1. Geciktim, çünkü zamanın akışının dışında yaşıyorum ve bunun peşinden koşmanın bir amacını görmüyorum.… "Geç kalanlar", belirli problemleri çözmedeki güçlü yanlarını abartma eğilimindedir ve makul olmayan şekilde olumlu tahminlerde bulunurlar. İşte bu yüzden oluyor: "Geç kalanın" görev başında yapmak zorunda olduğu her şeyden, en çok, ondan özel planlama ve zaman izleme becerileri gerektirmeyen bir günlük işleri hatırladı. Bu nedenle böyle bir insanın kafasında hayali bir dinginlik duygusu vardır.

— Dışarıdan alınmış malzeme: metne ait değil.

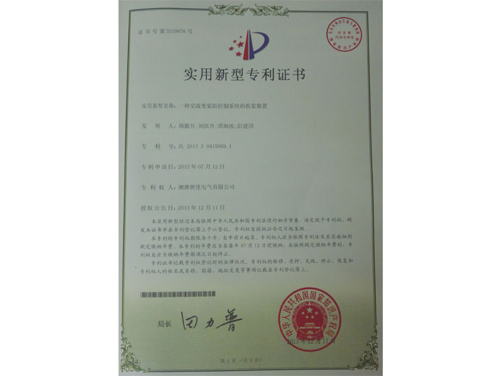 交流變槳距控制系統(tǒng)收槳裝置專(zhuān)利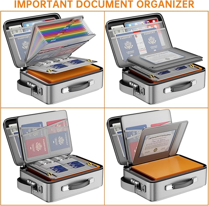 - Fireproof Box with Lock: Protect your valuables with the built-in high-quality combination lock (No keys required). Design with a strong handle&a detachable shoulder strap for carrying everything you needed easily. The fireproof box is suitable for business, travel, office, school, home storage, of course, giving it as a gift to your family is also a good choice. Fireproof box is both fireproof and water-resistant, ensuring your documents stay protected during fires, floods, or wet weather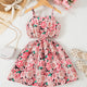 Summer Floral Print Infant Girls Dress Beach Holiday Style Strap Design Polyester Fabric Princess Style Children Skirt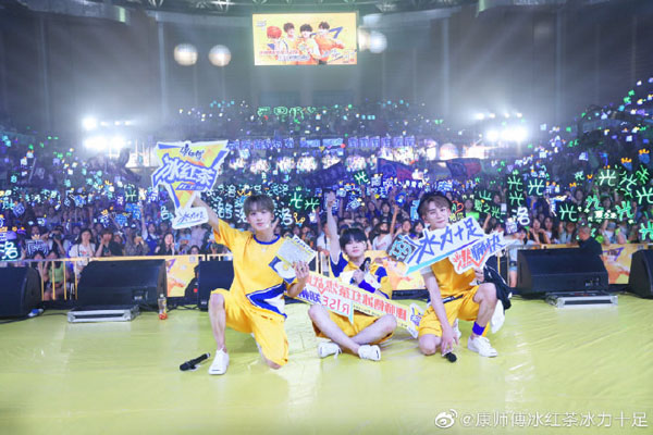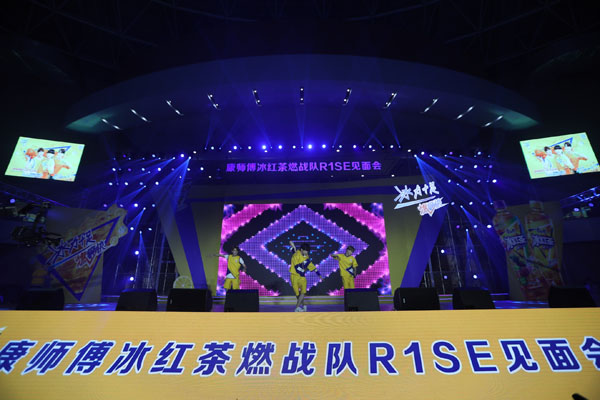 傍晚时分,康师傅冰红茶燃战队R1SE粉丝见面会正式拉开帷幕,炫酷的灯光秀动感十足,在简单的乐队暖场之后,R1SE周震南、夏之光、何洛洛集体出场,点燃了粉丝们的激情。三人以《创造营2019》的主题曲《喊出我的名字》开场,瞬间回忆满满,将现场气氛推至了高潮,引来了一阵阵尖叫。随后的表演也是火力全开,燃动全场。粉丝亲密互动游戏如你画我猜、踢毽子等燃力闯关也是欢乐不断,给粉丝们留下了美好的回忆。而粉丝们准备的应援告白视频、礼物,也让偶像们感动不已,三位小哥哥纷纷表达了对粉丝们一路支持的感谢。最后,活动在全场数千人欢乐的合影中圆满落幕。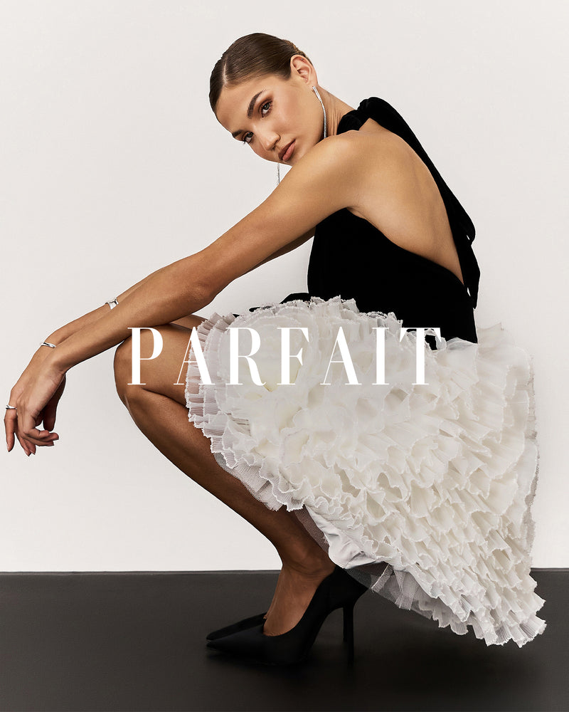 Parfait is an elegant symphony of volume, light and fantasy. Crafted in luxury fabrics, it features sculpted hourglass maxi dresses, bold shoulder detailing and feathered trims for dramatic impact. Designed for life’s standout moments, Parfait is occasion wear elevated.

Örneğin haftalık bir iş gezisinde eşyaları toplamanın 20 dakika sürebileceğini düşünmüyorum. Bence bu işlem en fazla beş dakika sürüyor, bu süre içerisinde bir seyahat çantası alıp içine gerekli kıyafetleri, çarşafları ve diş fırçasını koyuyorsun. Her şey, gidebilirsin. Tabii ki, dünyanın kusurlarını düşünen bir karga sayılabilir ve yaklaşık 20 dakika boyunca gerçekten bir araya gelebilirsiniz. Ama ücretlerin kendisi sizi birkaç dakika sürecek, tartışacak bir şey bile yok.

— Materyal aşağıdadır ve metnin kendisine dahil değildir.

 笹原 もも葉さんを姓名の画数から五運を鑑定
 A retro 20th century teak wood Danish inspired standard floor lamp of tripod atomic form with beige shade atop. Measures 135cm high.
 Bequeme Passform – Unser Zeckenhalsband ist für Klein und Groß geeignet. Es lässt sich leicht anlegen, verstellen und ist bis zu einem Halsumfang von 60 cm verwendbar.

2. Geç kaldım çünkü yaklaşan değişikliklerle ilgili açıklanamaz bir korku hissediyorum. Dürüst olmak gerekirse, meselenin tam olarak değişiklikler mi yoksa yaklaşımları mı olduğundan emin değilim. Ama itiraf etmeliyim ki, derinlerde bir noktada, uzun süredir planlanmış şeyleri ertelemem ve temelde farklı bir şey yapmam gerektiği fikrine gerçekten karşıyım. Ve sorun, bazı görevleri sevmem ve diğerlerini pek sevmemem değil. Sadece özü sağduyuya aykırıdır. Artı şu ki, nihayet işe başladığımda, kendimi tamamen ona teslim ediyorum, ofisten sonuncusu arasında ayrıldım - gerçek bir emek kahramanının değerli bir eylemi.

Ve sonunda …

3. Kendimden memnun olmadığım için geç kaldım.… İnanması zor ama bunun kendi mantığı var: Bir kişi belirli bir günde üretkenliğini ne kadar düşük değerlendirirse, o kadar geç kalır. Mevcut iş başarımdan ve genel olarak günümden son derece memnun olduğumu varsayalım. Böyle anlarda, kendinizi tatmin olmuş bir insan, hayatınızın efendisi gibi hissedersiniz. Ancak ne yazık ki, en “ilginç” olanın “sonraya” kaldığı günler çok daha sık oluyor. Ve o anda, zaten her şey gitmiş gibi göründüğünde, beyin kendi yetersizliğine katlanmayı reddediyor. Kendini kırbaçlama nöbetinde, en azı günün planlarıyla başa çıkmak olan çok şey yapabilirim. Gece bile.

Bu yüzden hep geç kalıyorum - hayatım sağduyudan yoksun. Kendi hayatlarını karartan "geç kalanlar" için bahaneler aramayın - yanıldıklarını ve bir şeyleri değiştirmeleri gerektiğini biliyorlar. Onlar, sen değil. Sonuçta onlarda sorun var.